(Bloomberg) -- Fannie Mae and Freddie Mac said a regulator’s plan to boost their capital would increase mortgage borrowing costs for the millions of Americans who rely on the companies to buy homes and asked that the proposal be dialed back.
In separate comment letters released Friday, Fannie and Freddie said the new capital requirements proposed by the Federal Housing Finance Agency would likely require the companies to raise the fees they charge to backstop mortgages. Fannie said fees would likely rise 0.2 percentage points on average, after making certain assumptions. Freddie said fees might have to rise between 0.15 percentage points and 0.35 percentage points.
The comments come as FHFA Director Mark Calabria continues his push to eventually privatize the companies, which have been in federal control since the 2008 financial crisis. In May, the FHFA proposed that Fannie and Freddie be required to hold about $240 billion in capital combined, based on their September 2019 assets. Increasing their capital is considered crucial in ensuring the companies can absorb losses outside the government’s grip.

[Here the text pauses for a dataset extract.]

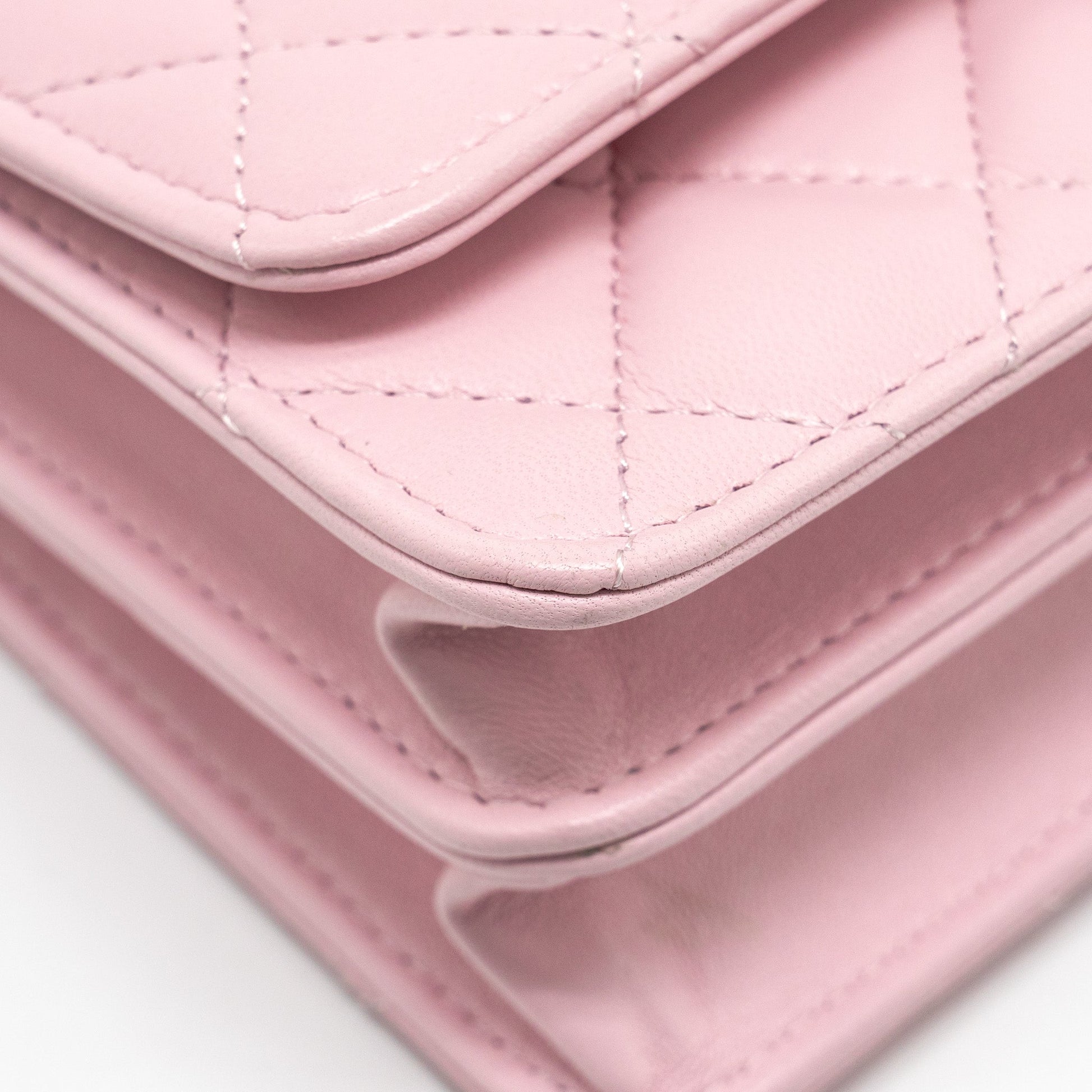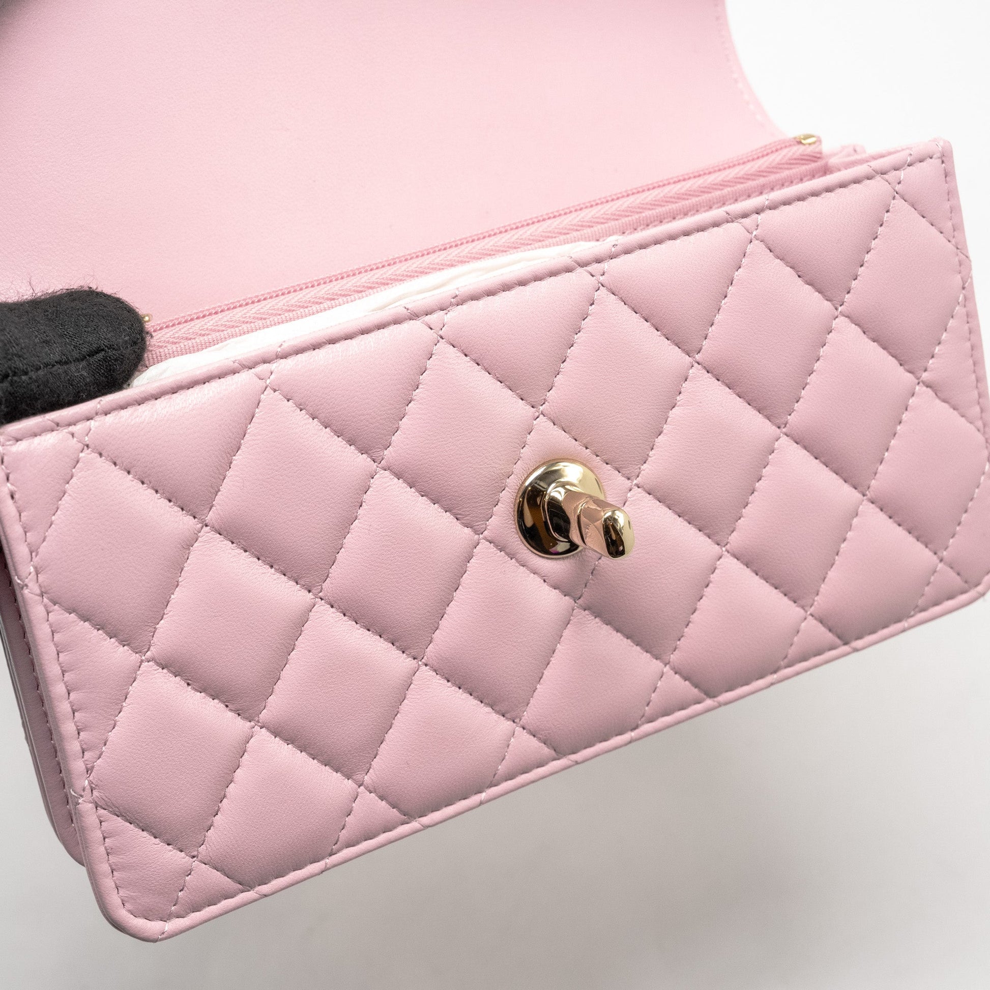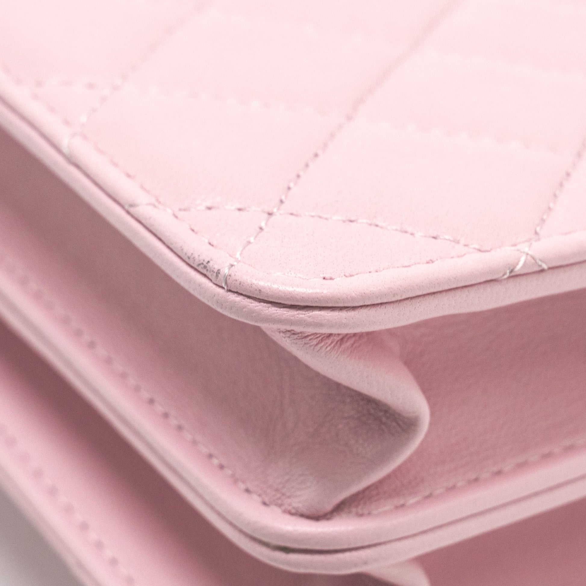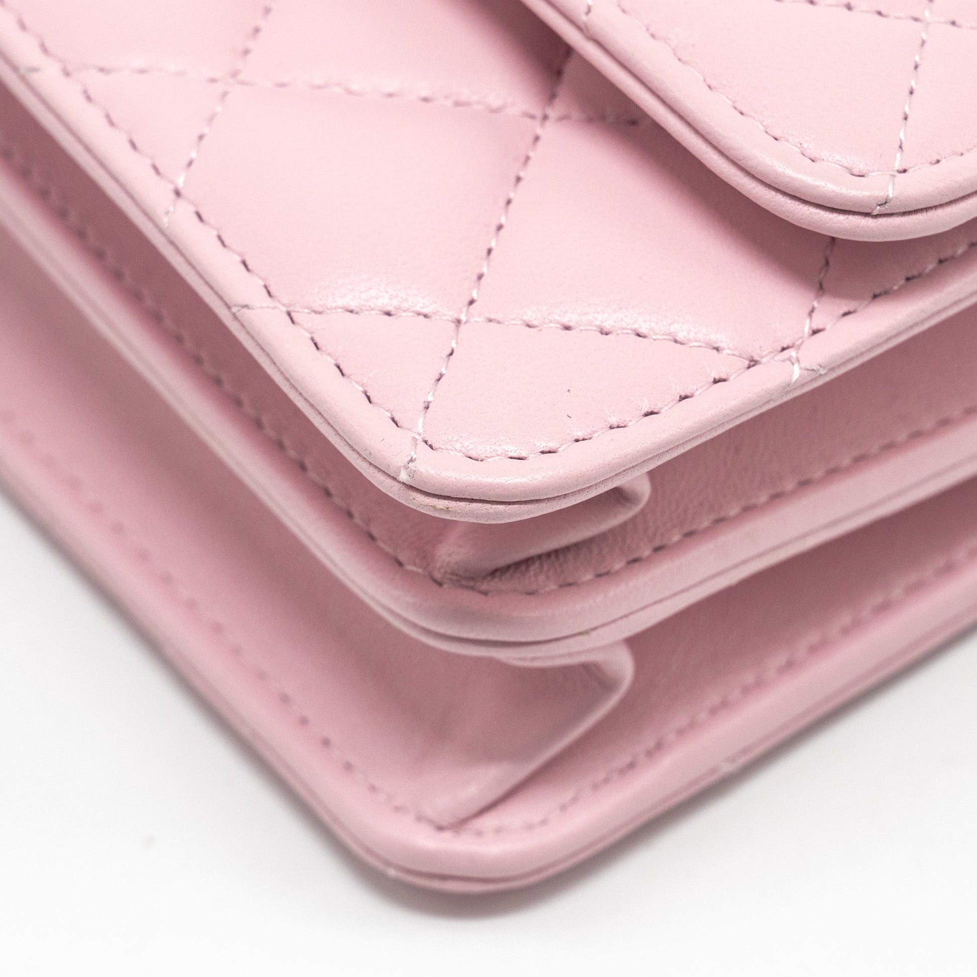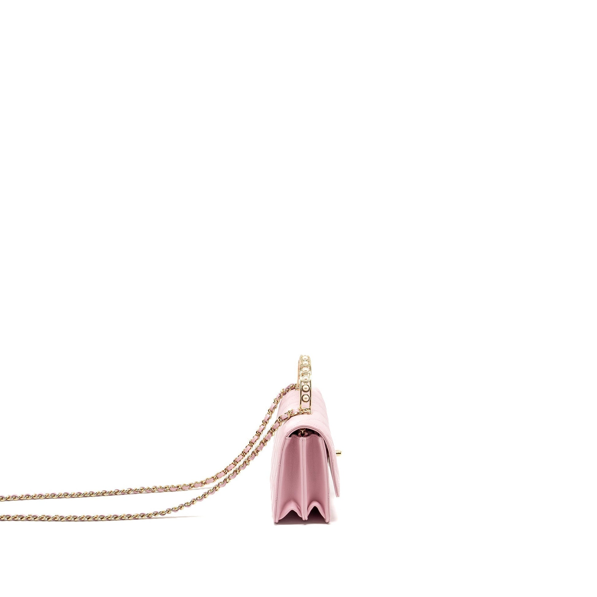 Chanel Pearl Detailed Top Handel Wallet On Chain Lambskin Pink LGHW (Microchip)

Fannie and Freddie don’t make mortgages themselves. They buy them from lenders, wrap them into securities and guarantee to investors the repayment of principal and interest. The fees they charge are generally passed on to borrowers in the form of higher mortgage rates.
Privatizing the companies has proved easier said than done. High capital requirements better protect taxpayers from the need for future bailouts but also have the likelihood of making it more costly for borrowers to get loans. Stringent standards also could make it harder for Fannie and Freddie to raise money from investors through share sales, as investors might fear the restrictions would crimp the companies’ earnings.

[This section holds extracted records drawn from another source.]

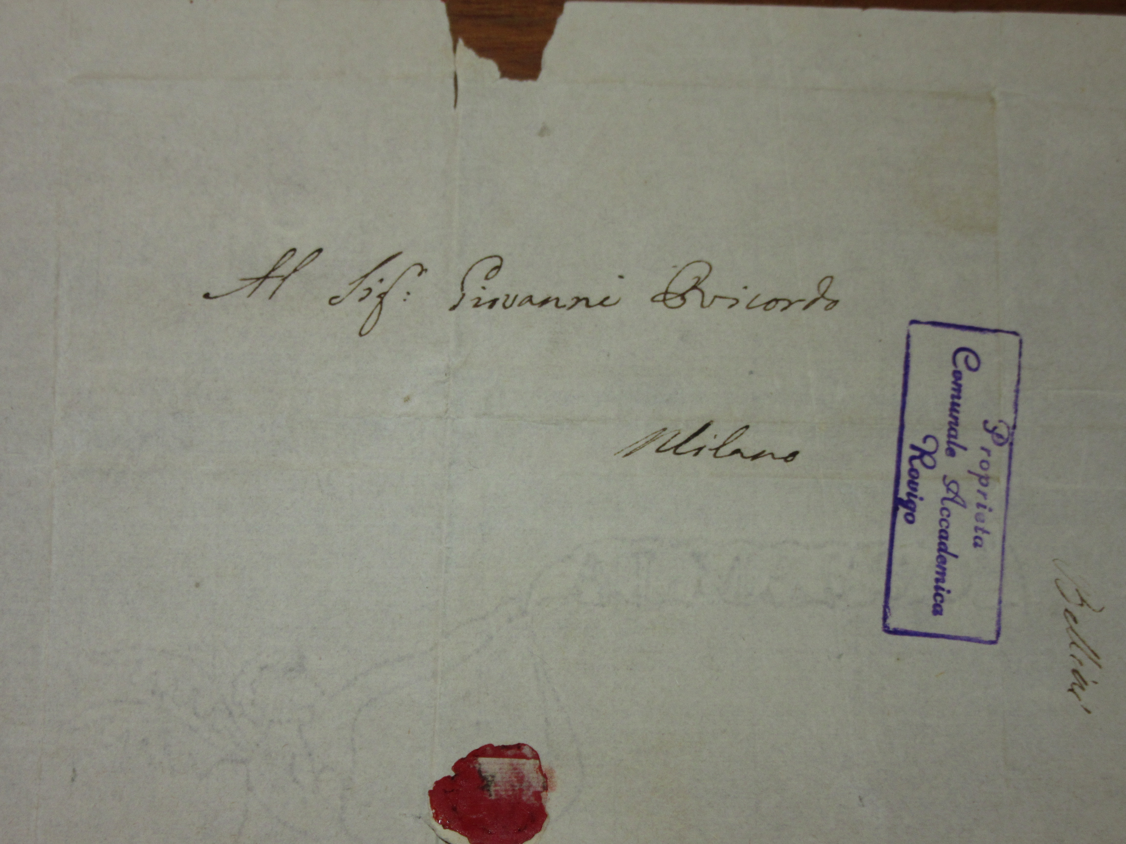 Al Sig:r Giovanni Ricordo
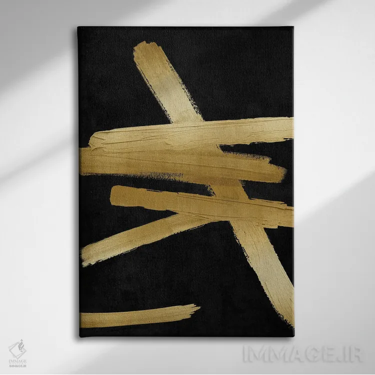در «چهارراههای طلایی روی مشکی II» اثرِ «الی رابرتز»، ریتم بصری به چشم میآید؛ مناسب برای دیوار شاخص کنار مبلمان ساده.
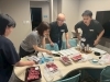 パチパチと火花を散らす炭の音に「おお~っ!」と歓声があがります。火おこし係が汗をかきつつ炭を育てる横で、他のメンバーはタレや薬味、野菜の下ごしらえへ。
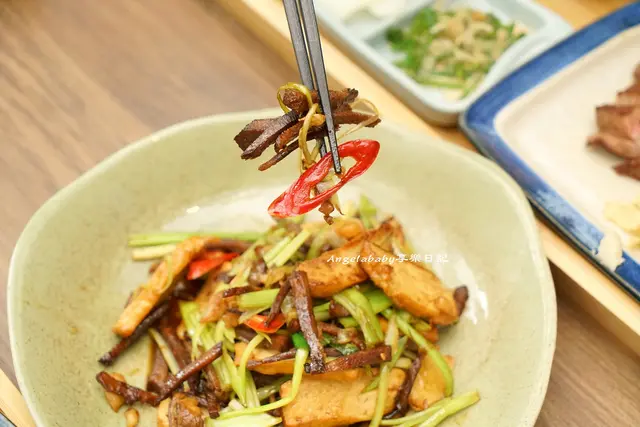 客家小炒也可以很高雅不油膩,滷過切絲的牛舌搭配豆乾絲芹菜大火快炒

In Fannie’s letter, officials said they were concerned the FHFA didn’t strike the right balance and proposed adjustments to ensure the new rule “does not impede the Enterprises’ achievement of their mission or complicate the path to ending conservatorship.” Both companies said that the need for higher fees could end up shrinking their businesses by pushing lenders and borrowers to other outlets for mortgage financing.
FHFA officials have said they hope to finalize the new capital standards by the end of this year.